Cleaning-up Bali, making fuel from plastic

bali waste
Instead of letting plastics go into landfills or burn them in the open, which could emit harmful smoke, a Balinese self-taught inventor has found a way to burn the plastics in enclosed containers and turn them into fuel. Image: De Visu / Shutterstock.com

In Bali, where fuel is heavily subsidised (at the risk of crippling the national budget), an elderly man cooks his rice with fuel harvested from plastic.

The cacophony of Denpasar’s traffic fades as you enter Pekambingan village, home of a self-taught inventor, Ida Bagus Ketut Atmaja.

Shade trees line the paved alley, roosters scratch inside bamboo cages and children and adults rest in the cool lent by leafy boughs overhead.

The plastic waste besieging many Balinese villages has been vanquished here. The village is clean — although its river remains choked with rubbish.

“Success to me is that we get on top of the plastic problem, that my grandchildren can play in the river as we old folk did when we were children,” says Ketut of his motivation to build an safe incinerator for plastic waste. He says he never set out to make fuel — it was a byproduct that may prove to be an unexpected reward for communities cleaning up plastic waste.

Expected hikes in gasoline prices following reduced government subsidies would make that reward even greater.

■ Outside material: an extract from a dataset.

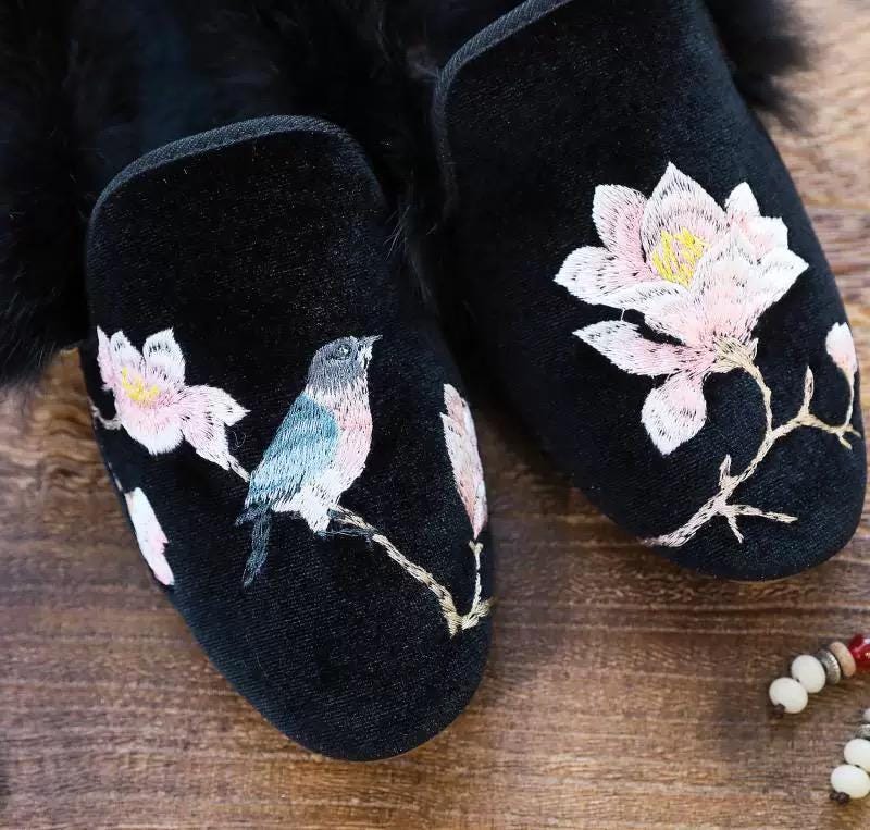 ๐Ÿ‘ž About the slippers: Introducing our Handmade Embroidered Winter Slippers! These oriental-style mules feature delicate hand embroidery and soft faux fur for warmth. Available in three elegant colors, theyโ€™re perfect for home wear or as a thoughtful holiday gift. Embrace the blend of tradition and comfort!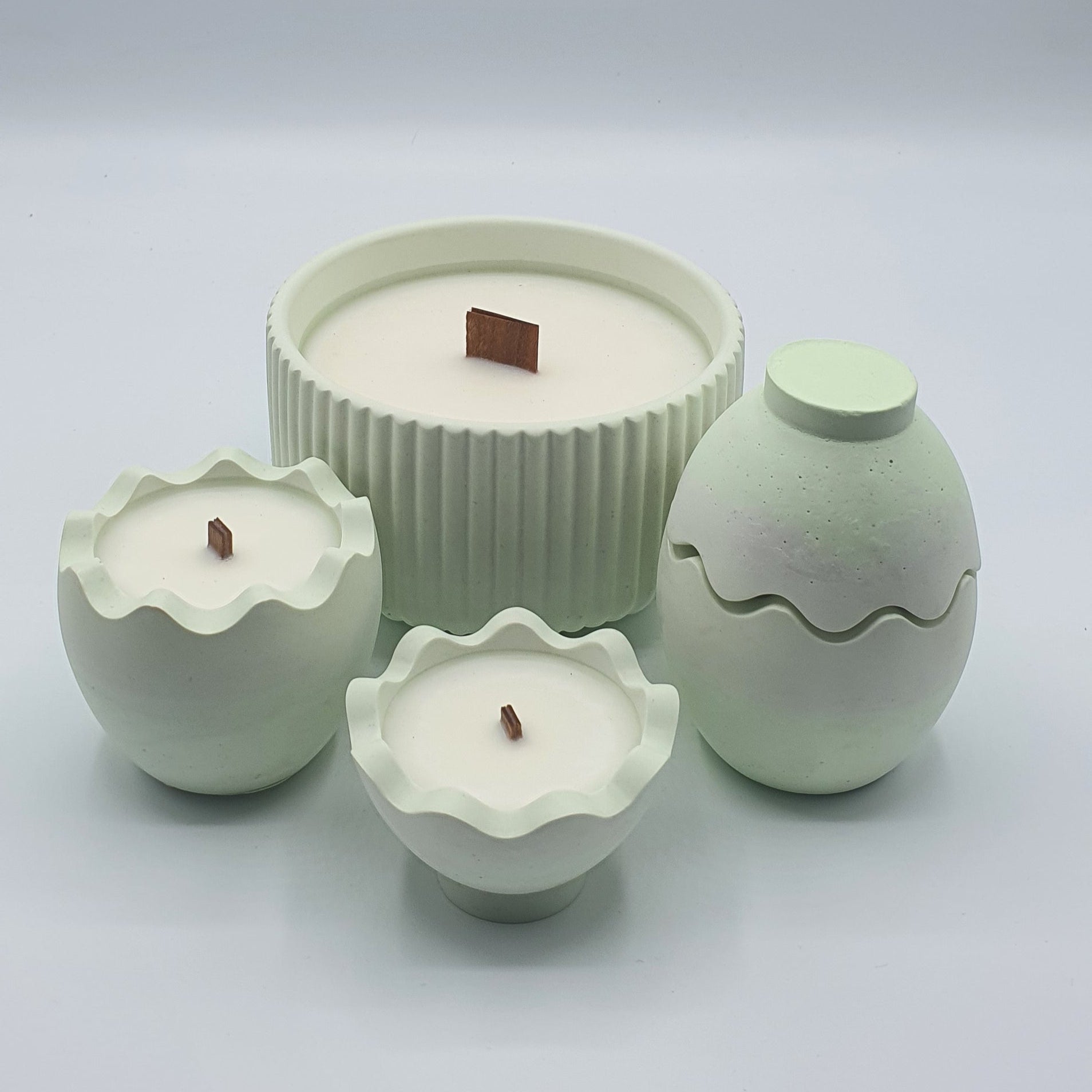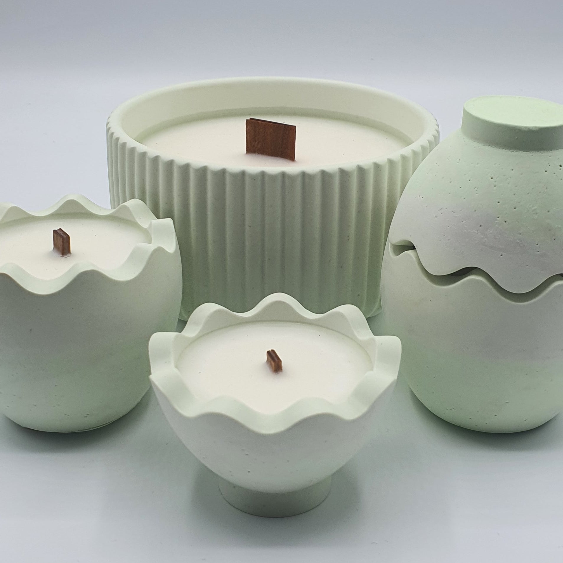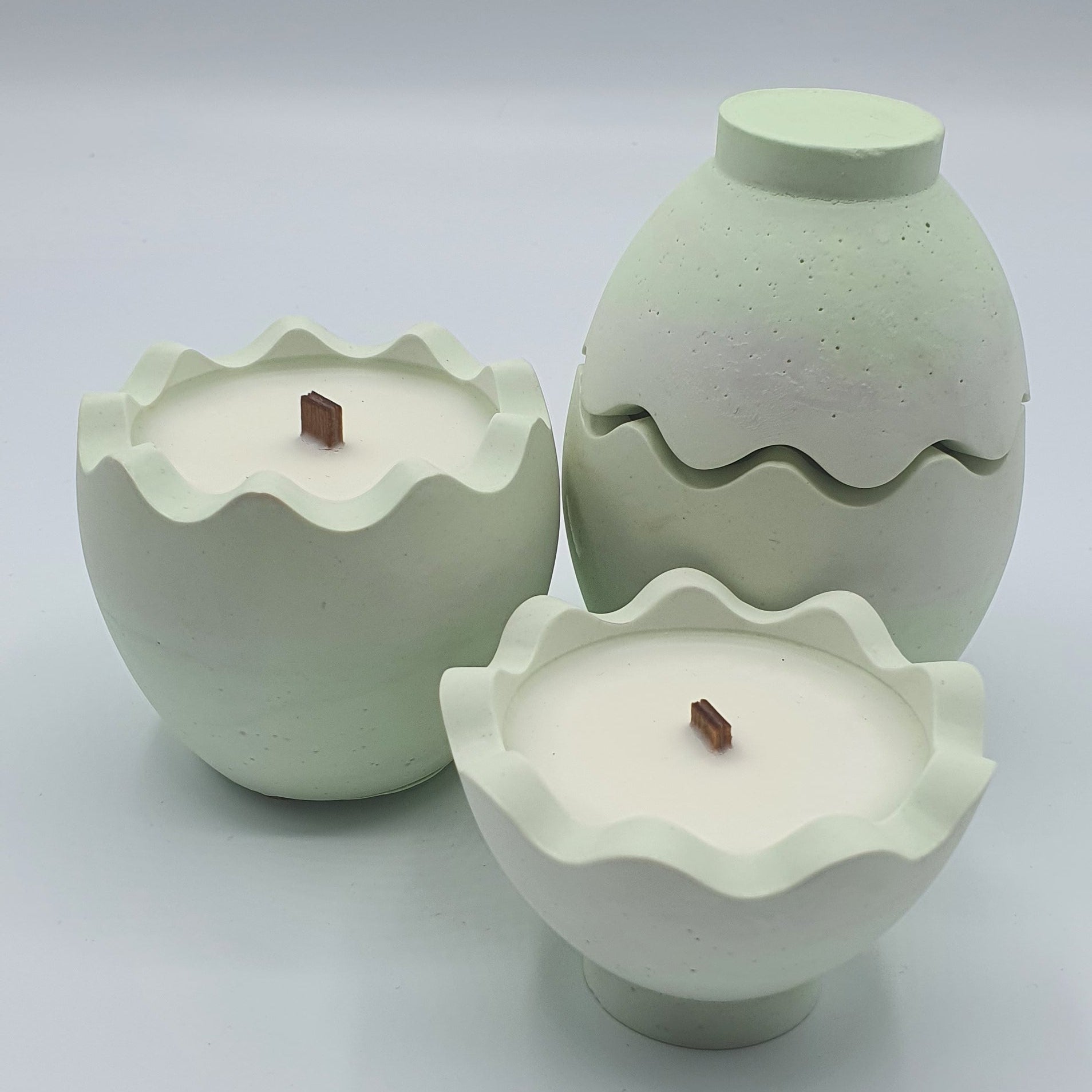 Turnată într-un vas verde pastel, în două nuanțe 🏺—diafan și gentil, ca o ținută proaspătă de podium—fiecare este realizat manual dintr-un material natural, netoxic, pe bază de calciu, unic.

“The idea was how to deal with plastic waste — how to clean up the rivers and streets. Early information was that people were burning plastic and releasing poisonous gasses, so we tried to heat plastic waste in a different way, without open fires,” says Ketut.

It takes one kilogram of plastic to make a liter of fuel, so two problems are solved in a single application. Each village can have its own furnace to burn waste plastic that is not releasing pollutants, while also yielding free fuel

Ida Bagus Ketut Atmaja, Balinese self-taught inventor

The oxygen-free furnace he has been working on uses a neutral atmospheric gas to prompt combustion, allowing plastic to be burned without releasing toxic fumes.

“We saw that smoke from the plastic liquefied within the furnace and found that it could be used as a fuel, so we were keen to find a way to harvest this fuel from the waste,” says Ketut.

The device works like an arak or whiskey still. As plastic burns, gases travel down a water-cooled pipe and condense into a liquid, which drips into bottles — and can be used as fuel that has been successfully used to power motorcycles.

“It takes one kilogram of plastic to make a liter of fuel, so two problems are solved in a single application. Each village can have its own furnace to burn waste plastic that is not releasing pollutants, while also yielding free fuel,” Ketut says.

“I use this fuel for cooking every day,” he adds.

There’s been a lack of local interest to research the furnace or to certify that exhaust from the plastic-to-fuel concoction is safe, Ketut says.

While Badung regency’s environmental cleanliness department assisted in motorcycle tests of the fuel, for example, no funding has been granted to date for further study, according to Ketut.

“At the moment we don’t yet have quality results from any labs, but we can see at present we can safely burn plastic, but we are not ready to claim plastic can make an alternative to petrol,” he says.

“Our primary motive to rid areas of plastics safely has been achieved. At present the fuel aspect of the project is in limbo,” Ketut, who has self-funded the entire project, said.

Without official help and safety certifications, it will be a struggle to convince communities to invest US$500 for a furnace.

“People don’t yet see plastic as a big problem that impacts health,” Ketut says. “They are still only thinking about money. Once we see the results of emissions from this fuel, maybe more people will come on board.”

Ketut is a pioneer in introducing such technology to Bali. Similar — and safe — devices have been developed in India, Japan and the US.

According to Science Daily, researchers led by Brajendra Kumar Sharma from the University of Illinois at Urbana-Champaign in the US, for example, used a similar method to convert plastic into crude oil.

In that case, Sharma’s team mixed oil distilled from the plastic into different petroleum products, including diesel, to see if they complied with US environmental standards — which they did — as long as an anti-oxidant was added, Science Daily reported.

In Bali, Ketut still has his dream.

“If we had emissions data, people could start making their own fuel,” says Ketut of the device he has been working on since 2012 in hopes of restoring the river playground of his own childhood memories for his grandchildren.